Published 28 Feb 2021

 

A design for a living room with the ceiling wallpapered.

When I have colour consultations with clients, we spend lots of time thinking about colours for the walls, and then choose complementary or similar colours for the woodwork. Next, I often suggest choosing a colour for the ceiling. Lots of clients are surprised by this approach as they think that ceilings have to be painted white. Some are a little scared by the thought of doing anything else, and whilst it’s okay to feel nervous about stepping out of your comfort zone, I think it’s good to explore the possibilities for decorating this surface. Look at your ceiling as another opportunity to add style, personality and interest, as it could be the thing that takes your home from ‘nicely decorated’ to ‘wow’.

There are many reasons to think about other treatments for this surface. We’re happy to spend time making sure that our flooring choices co-ordinate with our decor, but most of the time a floor is covered by furniture or rugs. In contrast, our ceilings are often flat with no features other than the ceiling rose or light fitting in the middle. A large expanse of white that isn’t broken up by any other items can draw more attention to itself, so we’re really just drawing attention to the least interesting part of the room.

A photo of a grey painted bedroom with a white ceiling.
So why do we default to white? We believe that white painted ceilings will enhance the feeling of light and space, which is something that we all think we would like more of. We believe it’s a safe choice and we think it will make our ceilings ‘disappear’, so the room will feel larger. We also do it because we’re used to it - aren’t ceilings supposed to be painted white? Isn’t that the way we’ve always done it?

When we look back through history, ceilings haven’t always been white. Think of every stately home you’ve ever visited. The ceilings are often richly decorated and are a focal point of the room. We crane our necks looking up to see the visual delights above us - whether that be a scene depicted from the bible, or the ornate flowers, shapes and animals painted by the Victorians. These amazing pieces of art really add to our enjoyment of viewing the rooms, and it would be a real shame if the ceilings weren’t as ornate as the walls and furniture in these houses.

A photo of the decorated ceiling at Insole Court

A photo of the decorated ceiling at Dyffryn Gardens
Insole Court, Cardiff Dyffryn House, Vale of Glamorgan

William Morris, (the well loved 19th Century textile designer, poet and novelist) is known for using stencilling and wallpapers on the ceilings in the homes he decorated. He and his friends often painted the ceilings by hand, and the striking patterns sometimes look remarkably modern. This extra layer of decoration is inspiring and makes the rooms feel complete. You can see some of the beautiful ceilings in William Morris’s Red House on this blog.

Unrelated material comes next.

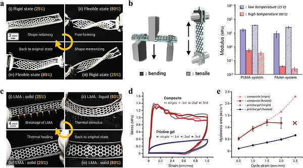 该研究团队发明了一种基于低熔点合金(LMA)的水凝胶复合材料,其背后的设计思路和制备方法有助于开发无溶胀失配引起物理变形的水凝胶复合材料。该水凝胶复合材料具有与LMA相类似的高刚度,且表现出大于单一组分的韧性。此外,还有诸多功能性,比如利用LMA的固-液相变,可以通过热刺激引发显著的刚度变化,使材料具备快速、高效的热愈合性能;能在水凝胶基体中进行电化学反应;在水凝胶中制造通道结构用于流体装置等。这项工作可能在设计开发柔性机器人、可穿戴电子设备和生物相容功能材料中发挥重要作用。
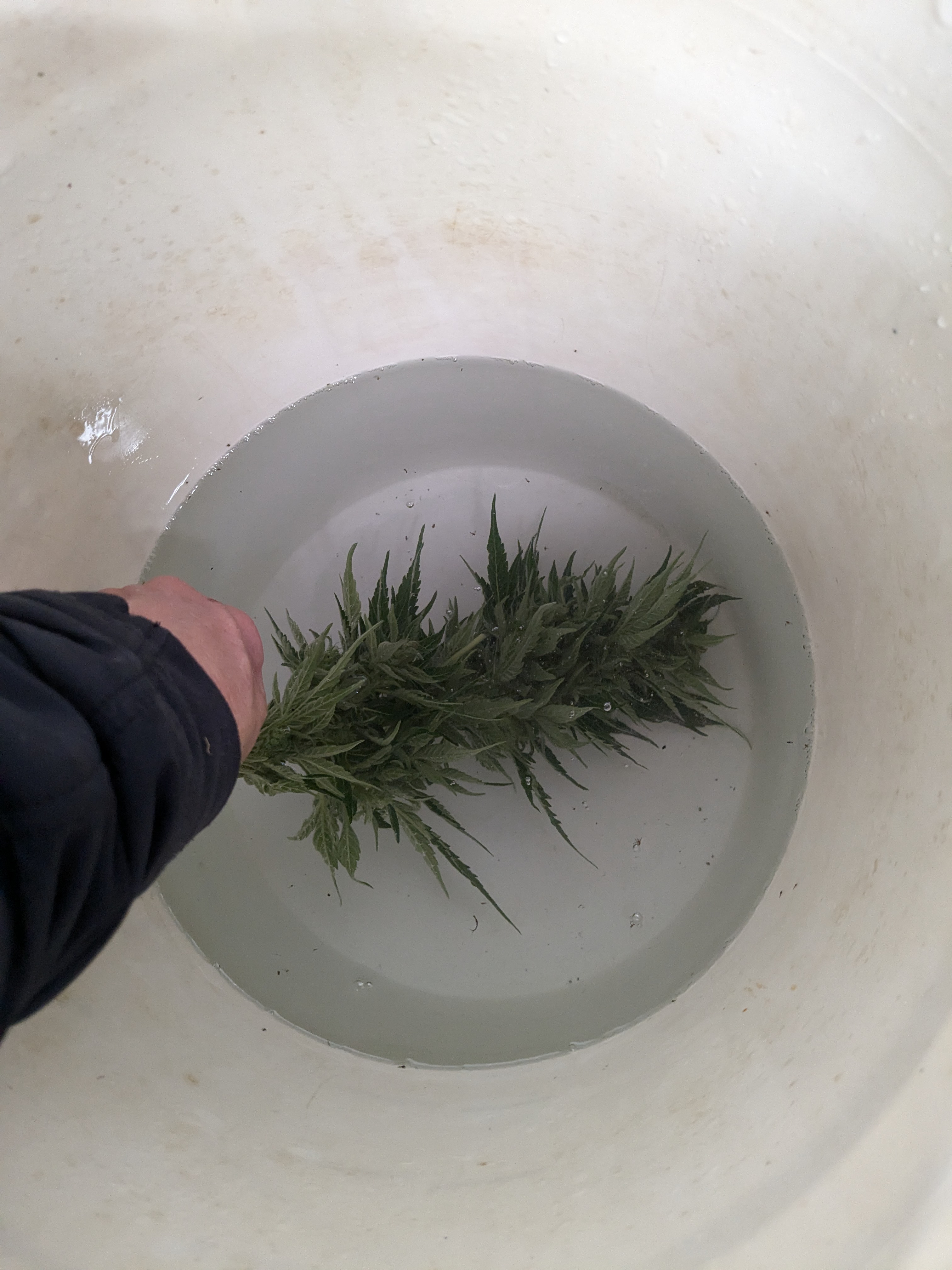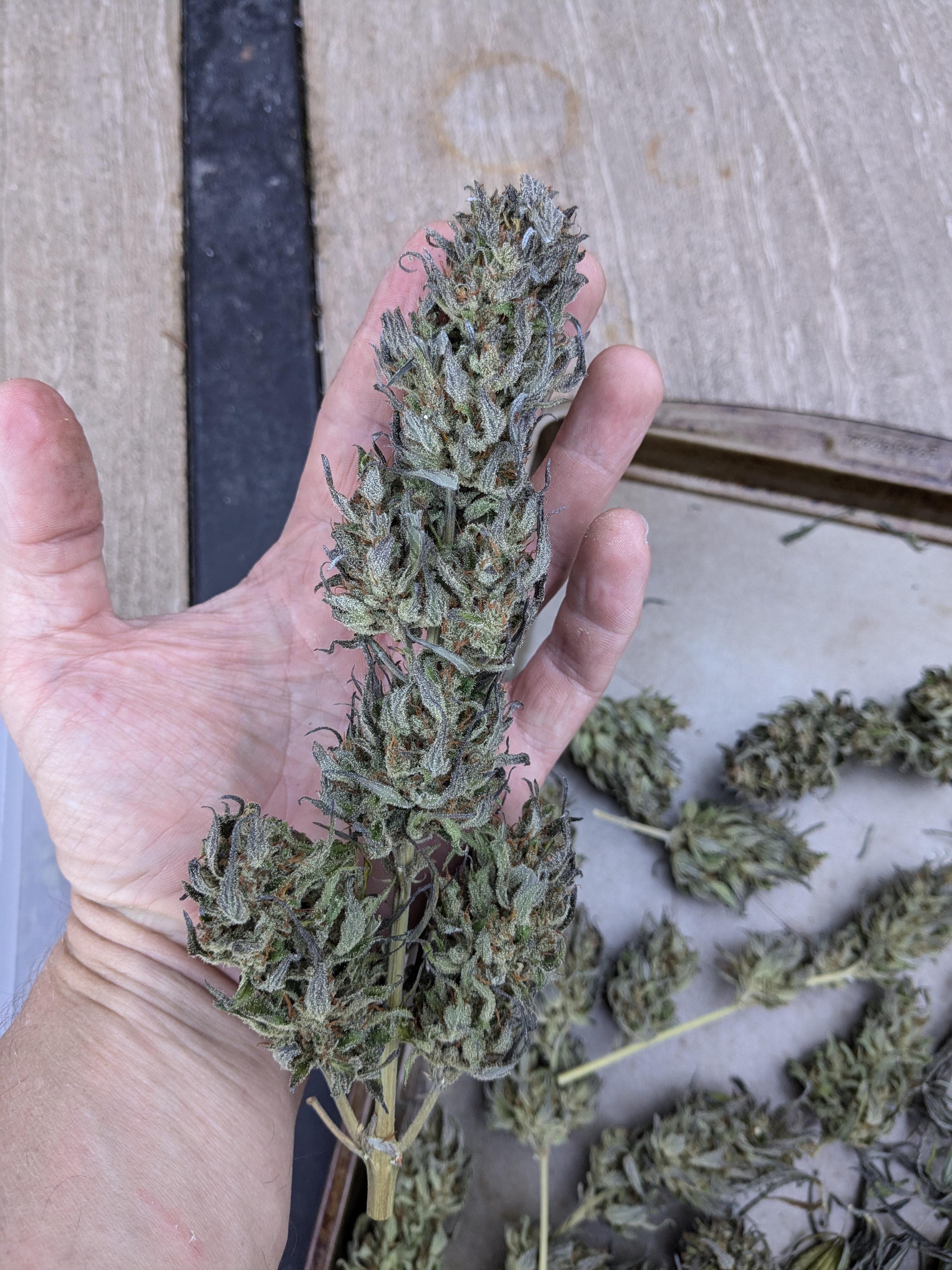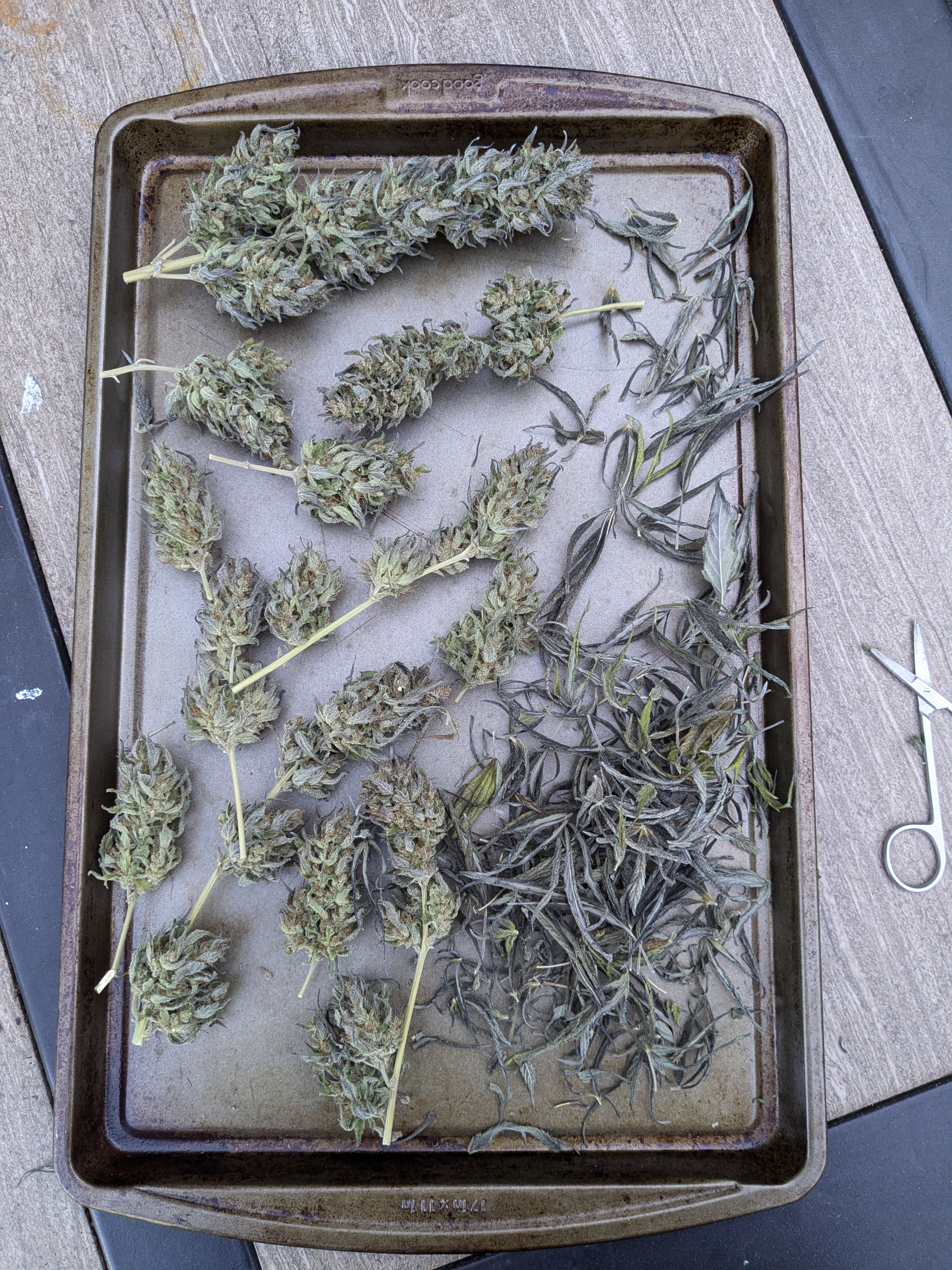 Well boys, the summer ended quickly, we've had cool weather and rainy days over the last week and a half and well, you know what that means. Mr. Rot. I really thought I could squeeze two sets of auto grows in this summer but I had a suspicion I didn't start early enough and was hoping for that Indian Summer we sometimes get. Win some, lose some. Inspecting the plants today revealed that tell tale color on bud after bud. I probably cut out about a quarter of what would have been the harvest. I don't usually use a bud wash for for the stuff that didn't appear to have rot on it I gave it a bath in .5 cup of 3% hydrogen peroxide plus 2.5 gallons of water, hoping to stop any rot that remains while I try to dry and cure these plants. I left one branch of the Honey Peach (the one I had pollinated and is growing seeds)--found some rotting buds on this so it's probably a fools errand but doesn't really hurt anything to leave it. The Devil's Food Cake I also left, as it's a couple of weeks behind and had no rot on it at all (the buds are not as thick), though I did trim out some inner branches with bud just to improve airflow. I suspect that is going to be a lost cause unless things get warmer and drier quick, but that's not on the forecast. Oh well, it was still fun to grow and I have plenty of other weed, so if this stuff turns out bunk I'll just make it into balm or something. I will say that the Pound Cake is quite nice, not as amazing as the Scarlet Grapes but definitely up there. The Honey Peach had an amazing aroma but was pretty leafy and the buds were thin. I guess that probably makes sense for a 1:1 CBD as it's half hemp and hasn't gone through the years of selection like THC heavy strains.

Even when the ceilings in historic buildings were painted white they were often filled with delicate plasterwork. These fine plasterwork details add texture, grandeur and an element of surprise.

A photo of a plasterwork ceiling at Aston Hall, Birmingham Another fine plasterwork ceiling at Aston Hall, Birmingham
Aston Hall, Birmingham Hever Castle, Kent

So why did we decide that a plain white surface is the only way a ceiling can be dressed? One theory is that in the early days of electric ceiling lighting, the fixtures and bulbs weren’t very powerful. A way to brighten things was to paint the ceiling white so it reflected the light back into the room. But modern lighting and bulbs have come a long way since then, and we often have various types and heights of light sources in our homes, so we no longer need a white ceiling to help out. So, if we’re not going to paint our ceilings white anymore, what should we do with them?

Say you opt for stronger colours on the walls, if you have chosen an exciting colour scheme for your room, and the ceiling is plain white, it will become more noticeable. A white ceiling will stand out all the more and detract from the other carefully chosen elements in your room. If you have strong colour on the walls and a white ceiling, the eye is drawn to the ceiling first and the place where the wall colour stops and the ceiling colour starts. This really stands out, because in effect you’ve highlighted the contrast between the two colours. I’d suggest either painting the ceiling the same colour as the walls, or going for a co-ordinating colour from the rest of your scheme. Lots of people worry that using a darker colour on the walls and ceiling will make a space feel closed in, but it has the opposite effect - it can make a room feel larger because the edges are less defined. 

A dark ceiling with lighter walls can give a room a feeling of infinity, like the ceiling opens up and goes on for miles. A dark ceiling paired with the same colour on the walls can make a room feel really cosy and cocooning. Look at one of my recent projects to see what I mean:

A photo of the Bancha Bedroom project showing the ceiling painted the same colour as the walls.
This is what the client said about painting the ceiling the same colour as the walls:

"I was a bit scared to do the ceiling in Bancha but it was the best thing we did. People say the room looks bigger now that everything has been “Bancha’d” - I think it’s because we went for one main bold colour pretty much everywhere. The room has the WOW factor and all our family and friends comment on how warm it feels."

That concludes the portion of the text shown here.